**Problem**
For this task, output exactly the lines of the material below starting at the line with "In het centrum, nabij" and ending at the line with "La mochila oficial"; pictures are to be excluded.

**Extracted entries**
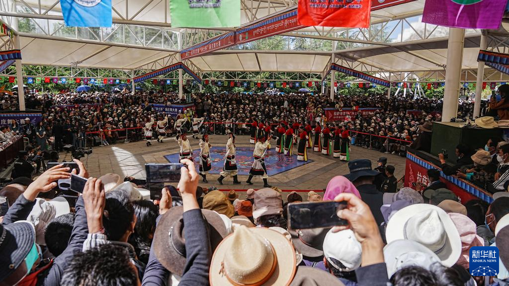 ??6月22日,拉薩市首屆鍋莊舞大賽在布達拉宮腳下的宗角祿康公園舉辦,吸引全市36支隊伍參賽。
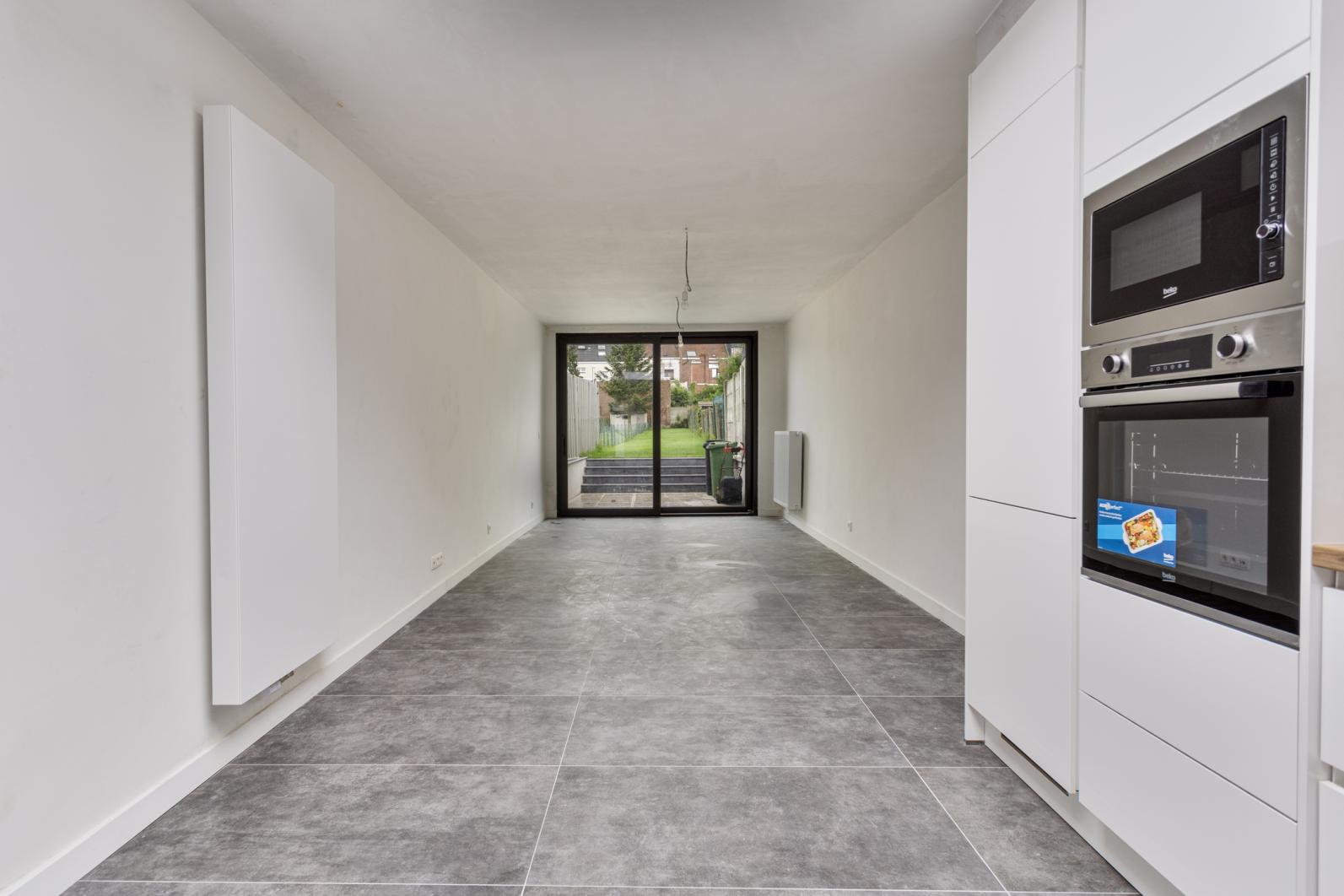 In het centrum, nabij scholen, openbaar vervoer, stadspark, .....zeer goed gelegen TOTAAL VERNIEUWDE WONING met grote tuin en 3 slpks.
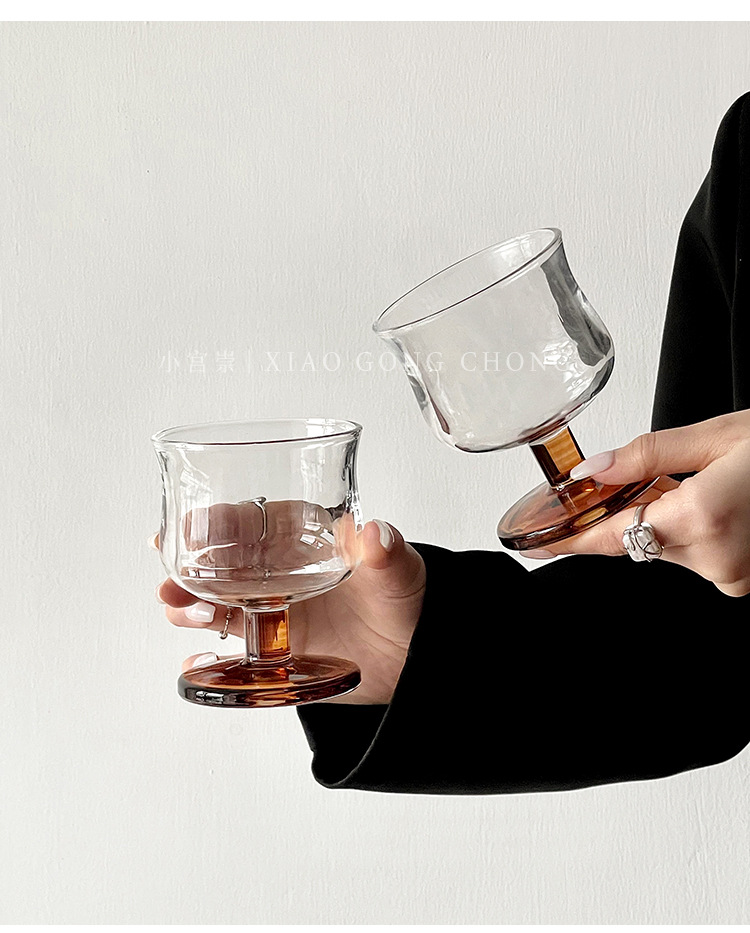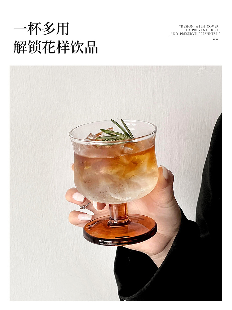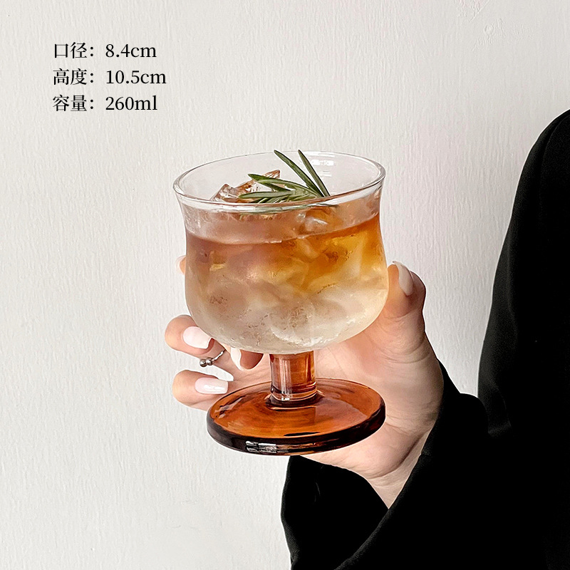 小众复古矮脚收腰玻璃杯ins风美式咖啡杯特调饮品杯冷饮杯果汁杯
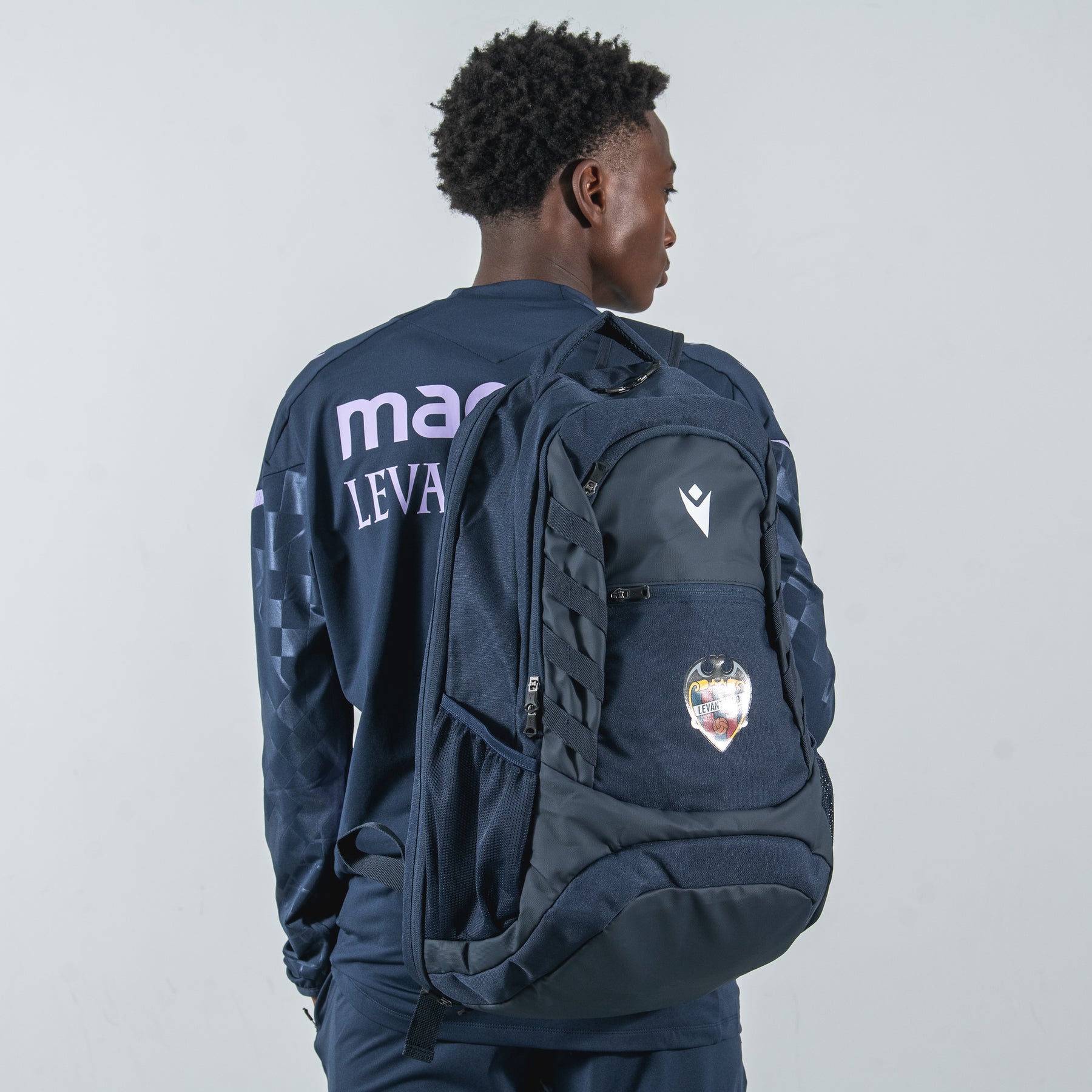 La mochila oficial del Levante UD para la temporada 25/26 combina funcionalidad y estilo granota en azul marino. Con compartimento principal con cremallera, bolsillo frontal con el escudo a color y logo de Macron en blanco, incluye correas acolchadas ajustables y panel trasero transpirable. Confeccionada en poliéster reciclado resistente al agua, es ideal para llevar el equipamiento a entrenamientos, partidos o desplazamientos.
==
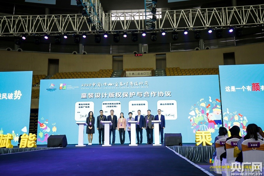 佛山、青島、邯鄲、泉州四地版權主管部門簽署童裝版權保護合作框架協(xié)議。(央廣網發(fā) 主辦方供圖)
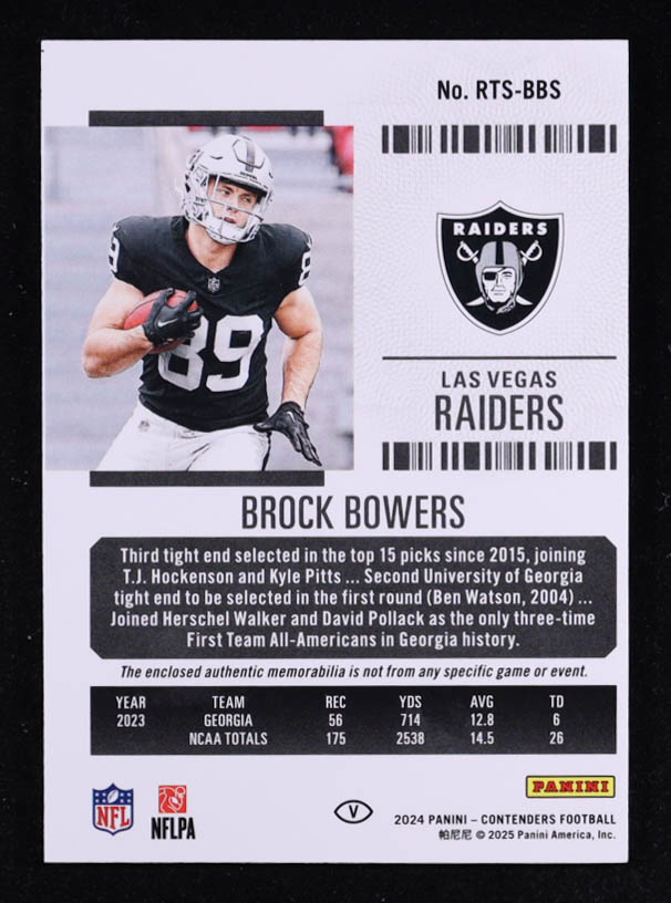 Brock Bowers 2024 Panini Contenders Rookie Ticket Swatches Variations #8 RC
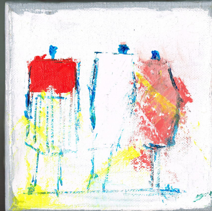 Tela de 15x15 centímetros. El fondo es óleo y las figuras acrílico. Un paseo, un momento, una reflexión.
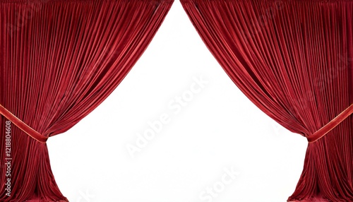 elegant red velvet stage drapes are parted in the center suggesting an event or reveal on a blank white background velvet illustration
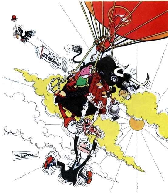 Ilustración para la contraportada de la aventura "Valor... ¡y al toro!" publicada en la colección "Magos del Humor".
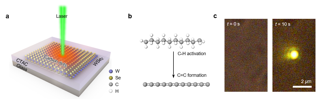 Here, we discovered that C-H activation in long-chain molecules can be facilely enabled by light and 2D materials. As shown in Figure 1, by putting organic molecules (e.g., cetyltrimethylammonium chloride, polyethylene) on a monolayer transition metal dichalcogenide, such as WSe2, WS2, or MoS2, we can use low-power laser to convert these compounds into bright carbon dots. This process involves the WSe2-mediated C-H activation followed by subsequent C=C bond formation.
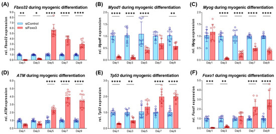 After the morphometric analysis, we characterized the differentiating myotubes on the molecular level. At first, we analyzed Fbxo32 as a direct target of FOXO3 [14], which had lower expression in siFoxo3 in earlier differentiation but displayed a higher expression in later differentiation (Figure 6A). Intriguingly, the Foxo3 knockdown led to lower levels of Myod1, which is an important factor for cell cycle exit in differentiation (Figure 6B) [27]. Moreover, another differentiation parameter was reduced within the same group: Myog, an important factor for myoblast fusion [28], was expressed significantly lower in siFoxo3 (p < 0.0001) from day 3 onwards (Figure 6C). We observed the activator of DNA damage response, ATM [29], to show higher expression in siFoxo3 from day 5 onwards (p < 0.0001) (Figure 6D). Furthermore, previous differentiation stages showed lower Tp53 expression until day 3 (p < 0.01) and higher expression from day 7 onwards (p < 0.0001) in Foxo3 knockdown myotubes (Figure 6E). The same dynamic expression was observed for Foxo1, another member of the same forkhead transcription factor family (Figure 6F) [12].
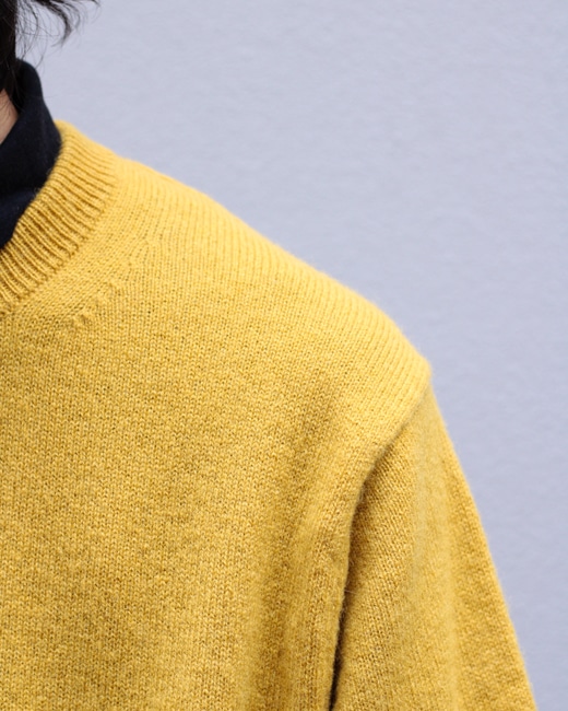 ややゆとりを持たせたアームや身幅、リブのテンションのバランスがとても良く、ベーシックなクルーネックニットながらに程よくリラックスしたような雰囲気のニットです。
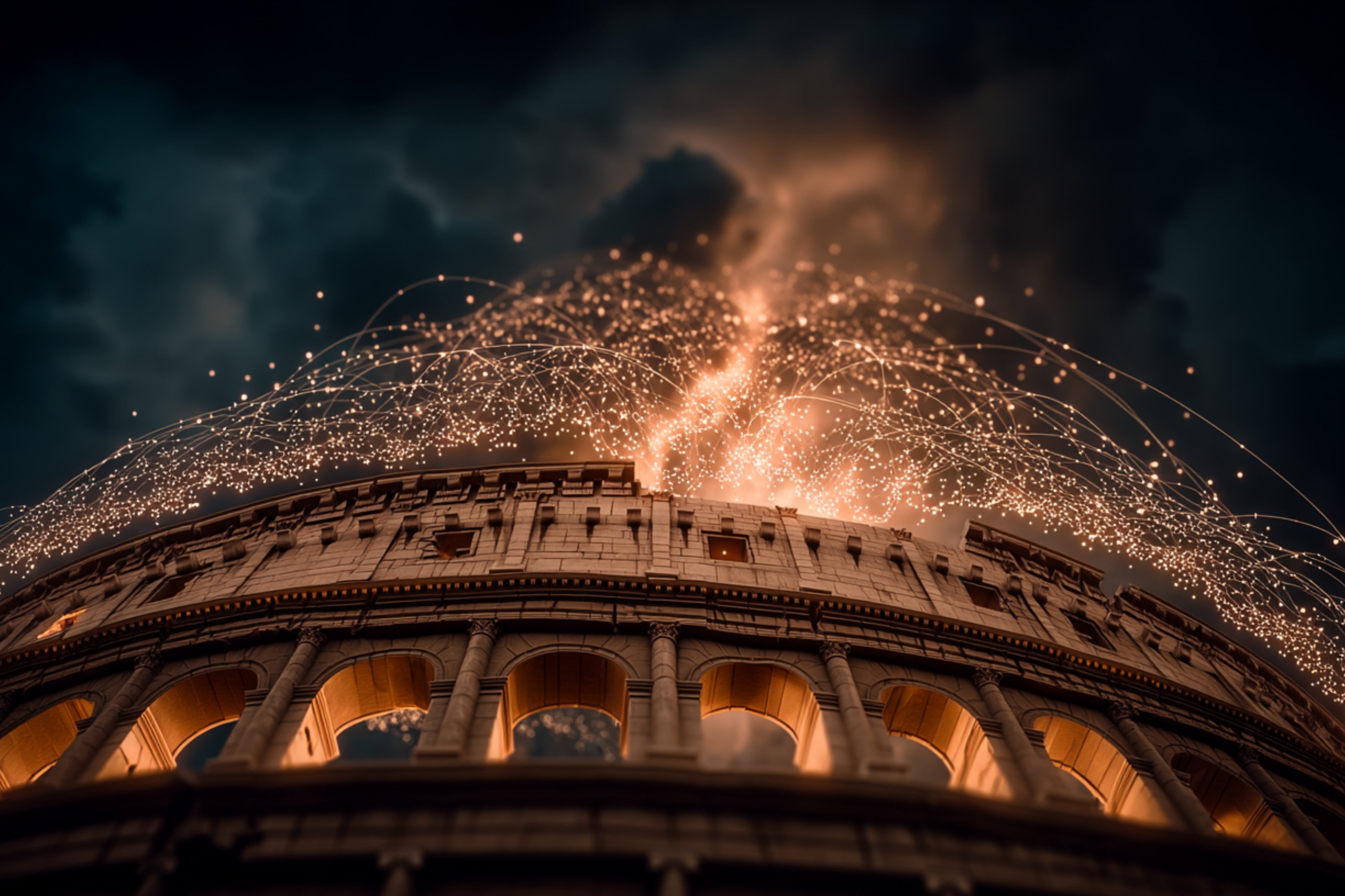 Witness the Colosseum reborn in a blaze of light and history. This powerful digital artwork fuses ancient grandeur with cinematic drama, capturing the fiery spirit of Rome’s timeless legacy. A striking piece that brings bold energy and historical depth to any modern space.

**Written solution**
 In het centrum, nabij scholen, openbaar vervoer, stadspark, .....zeer goed gelegen TOTAAL VERNIEUWDE WONING met grote tuin en 3 slpks.
 小众复古矮脚收腰玻璃杯ins风美式咖啡杯特调饮品杯冷饮杯果汁杯
 La mochila oficial del Levante UD para la temporada 25/26 combina funcionalidad y estilo granota en azul marino. Con compartimento principal con cremallera, bolsillo frontal con el escudo a color y logo de Macron en blanco, incluye correas acolchadas ajustables y panel trasero transpirable. Confeccionada en poliéster reciclado resistente al agua, es ideal para llevar el equipamiento a entrenamientos, partidos o desplazamientos.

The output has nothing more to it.